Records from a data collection
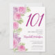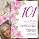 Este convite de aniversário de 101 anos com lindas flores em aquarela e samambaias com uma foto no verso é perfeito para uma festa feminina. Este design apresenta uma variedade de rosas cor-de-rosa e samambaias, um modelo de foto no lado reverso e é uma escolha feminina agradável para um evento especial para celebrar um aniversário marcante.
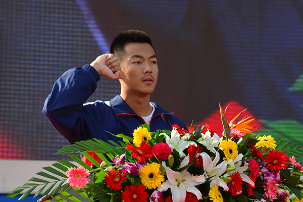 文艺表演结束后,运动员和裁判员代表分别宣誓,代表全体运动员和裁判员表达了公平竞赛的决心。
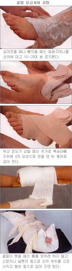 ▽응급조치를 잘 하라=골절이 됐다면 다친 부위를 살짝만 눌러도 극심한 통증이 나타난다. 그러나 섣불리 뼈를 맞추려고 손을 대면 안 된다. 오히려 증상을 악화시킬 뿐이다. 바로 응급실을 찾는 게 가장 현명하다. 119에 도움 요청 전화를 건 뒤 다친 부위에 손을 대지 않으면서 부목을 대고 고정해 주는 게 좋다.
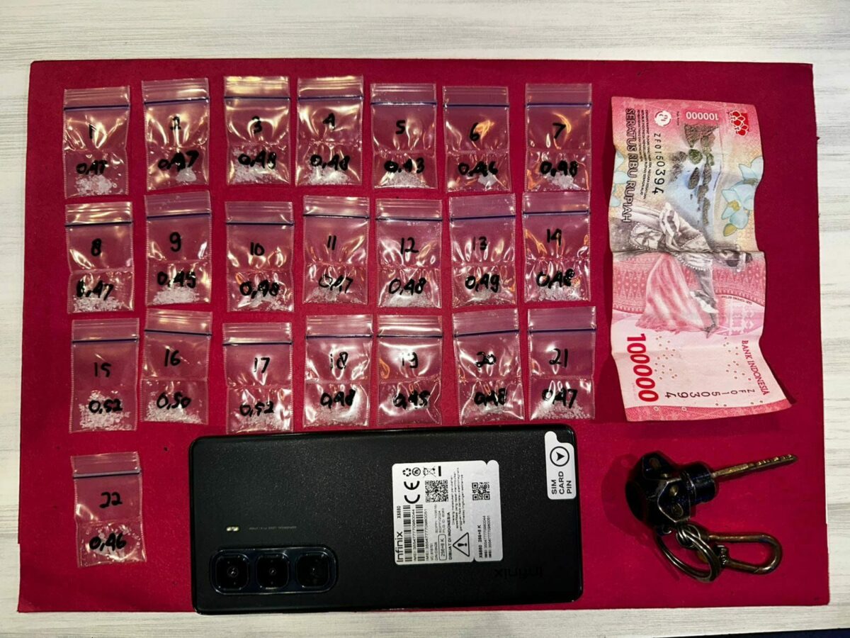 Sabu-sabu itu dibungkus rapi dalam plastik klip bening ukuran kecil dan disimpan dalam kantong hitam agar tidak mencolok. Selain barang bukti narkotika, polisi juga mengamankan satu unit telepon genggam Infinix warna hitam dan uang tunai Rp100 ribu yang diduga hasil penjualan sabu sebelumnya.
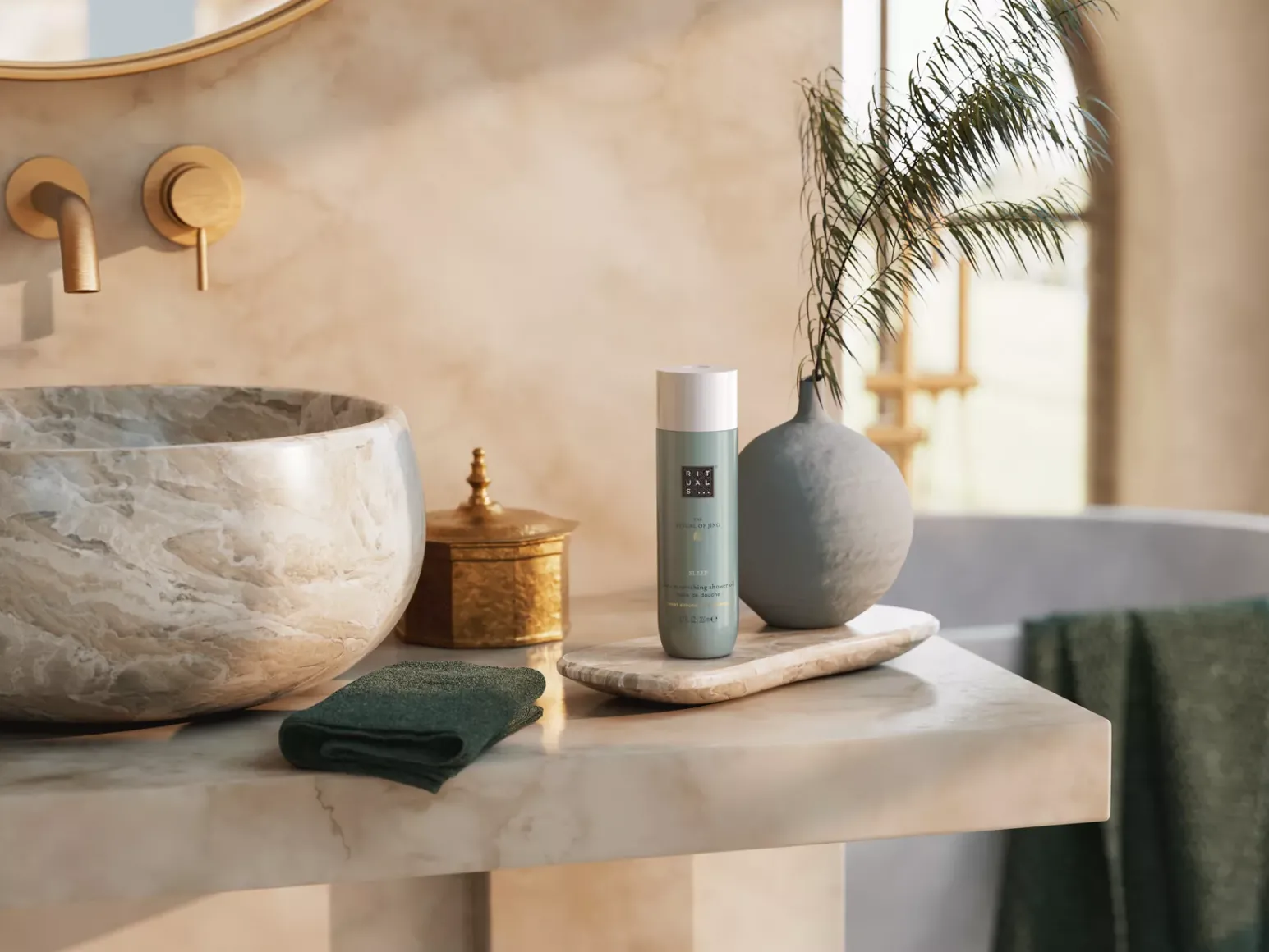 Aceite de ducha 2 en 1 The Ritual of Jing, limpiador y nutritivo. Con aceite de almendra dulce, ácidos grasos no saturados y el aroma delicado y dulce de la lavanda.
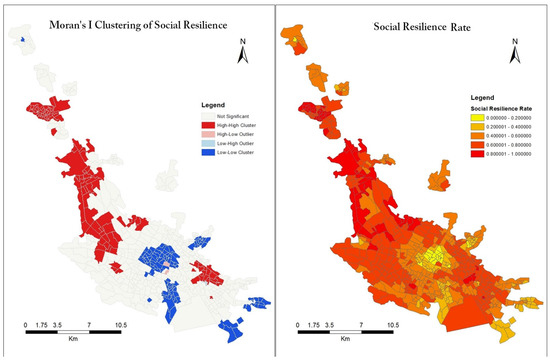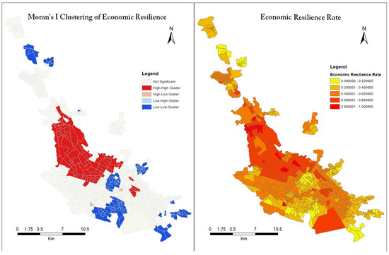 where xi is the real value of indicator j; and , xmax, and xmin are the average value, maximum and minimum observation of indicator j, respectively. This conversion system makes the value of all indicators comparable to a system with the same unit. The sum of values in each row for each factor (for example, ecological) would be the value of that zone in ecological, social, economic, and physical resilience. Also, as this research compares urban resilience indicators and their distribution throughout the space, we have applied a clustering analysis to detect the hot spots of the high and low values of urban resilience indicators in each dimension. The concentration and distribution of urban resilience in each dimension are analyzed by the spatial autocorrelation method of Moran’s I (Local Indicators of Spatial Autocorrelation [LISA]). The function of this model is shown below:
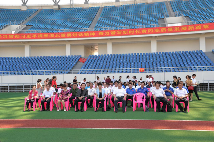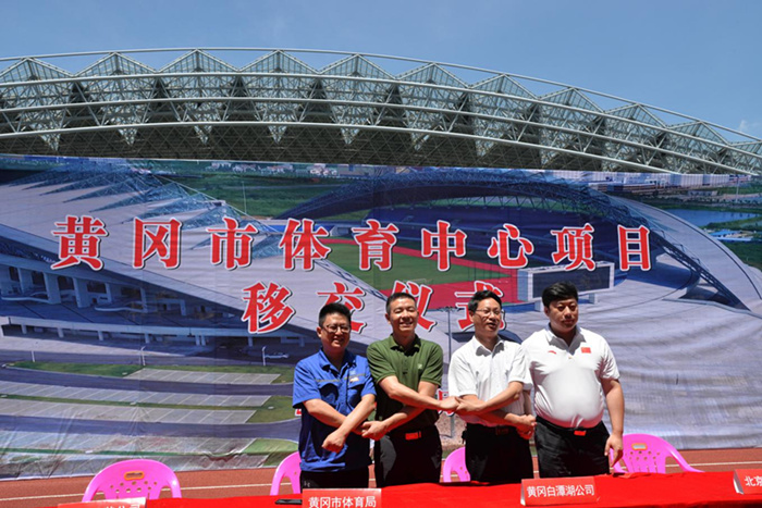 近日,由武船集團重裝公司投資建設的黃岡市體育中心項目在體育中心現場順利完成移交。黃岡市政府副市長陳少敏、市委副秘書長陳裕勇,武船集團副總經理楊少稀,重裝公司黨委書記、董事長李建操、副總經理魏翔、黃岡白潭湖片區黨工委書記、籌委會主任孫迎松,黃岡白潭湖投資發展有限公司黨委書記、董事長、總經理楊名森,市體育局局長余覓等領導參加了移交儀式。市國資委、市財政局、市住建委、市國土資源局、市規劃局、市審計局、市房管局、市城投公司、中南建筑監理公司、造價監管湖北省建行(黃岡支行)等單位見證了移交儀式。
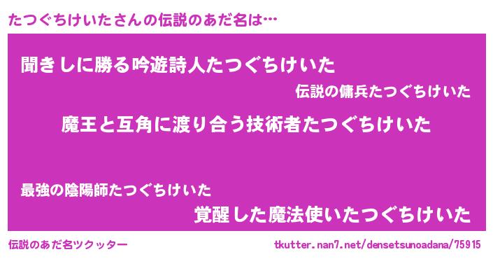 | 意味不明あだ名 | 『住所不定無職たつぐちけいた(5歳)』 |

## Your goal
Transcribe all records verbatim and omit each image.

## Response for this exercise
 Este convite de aniversário de 101 anos com lindas flores em aquarela e samambaias com uma foto no verso é perfeito para uma festa feminina. Este design apresenta uma variedade de rosas cor-de-rosa e samambaias, um modelo de foto no lado reverso e é uma escolha feminina agradável para um evento especial para celebrar um aniversário marcante.
 文艺表演结束后,运动员和裁判员代表分别宣誓,代表全体运动员和裁判员表达了公平竞赛的决心。
 ▽응급조치를 잘 하라=골절이 됐다면 다친 부위를 살짝만 눌러도 극심한 통증이 나타난다. 그러나 섣불리 뼈를 맞추려고 손을 대면 안 된다. 오히려 증상을 악화시킬 뿐이다. 바로 응급실을 찾는 게 가장 현명하다. 119에 도움 요청 전화를 건 뒤 다친 부위에 손을 대지 않으면서 부목을 대고 고정해 주는 게 좋다.
 Sabu-sabu itu dibungkus rapi dalam plastik klip bening ukuran kecil dan disimpan dalam kantong hitam agar tidak mencolok. Selain barang bukti narkotika, polisi juga mengamankan satu unit telepon genggam Infinix warna hitam dan uang tunai Rp100 ribu yang diduga hasil penjualan sabu sebelumnya.
 Aceite de ducha 2 en 1 The Ritual of Jing, limpiador y nutritivo. Con aceite de almendra dulce, ácidos grasos no saturados y el aroma delicado y dulce de la lavanda.
 where xi is the real value of indicator j; and , xmax, and xmin are the average value, maximum and minimum observation of indicator j, respectively. This conversion system makes the value of all indicators comparable to a system with the same unit. The sum of values in each row for each factor (for example, ecological) would be the value of that zone in ecological, social, economic, and physical resilience. Also, as this research compares urban resilience indicators and their distribution throughout the space, we have applied a clustering analysis to detect the hot spots of the high and low values of urban resilience indicators in each dimension. The concentration and distribution of urban resilience in each dimension are analyzed by the spatial autocorrelation method of Moran’s I (Local Indicators of Spatial Autocorrelation [LISA]). The function of this model is shown below:
 近日,由武船集團重裝公司投資建設的黃岡市體育中心項目在體育中心現場順利完成移交。黃岡市政府副市長陳少敏、市委副秘書長陳裕勇,武船集團副總經理楊少稀,重裝公司黨委書記、董事長李建操、副總經理魏翔、黃岡白潭湖片區黨工委書記、籌委會主任孫迎松,黃岡白潭湖投資發展有限公司黨委書記、董事長、總經理楊名森,市體育局局長余覓等領導參加了移交儀式。市國資委、市財政局、市住建委、市國土資源局、市規劃局、市審計局、市房管局、市城投公司、中南建筑監理公司、造價監管湖北省建行(黃岡支行)等單位見證了移交儀式。
 | 意味不明あだ名 | 『住所不定無職たつぐちけいた(5歳)』 |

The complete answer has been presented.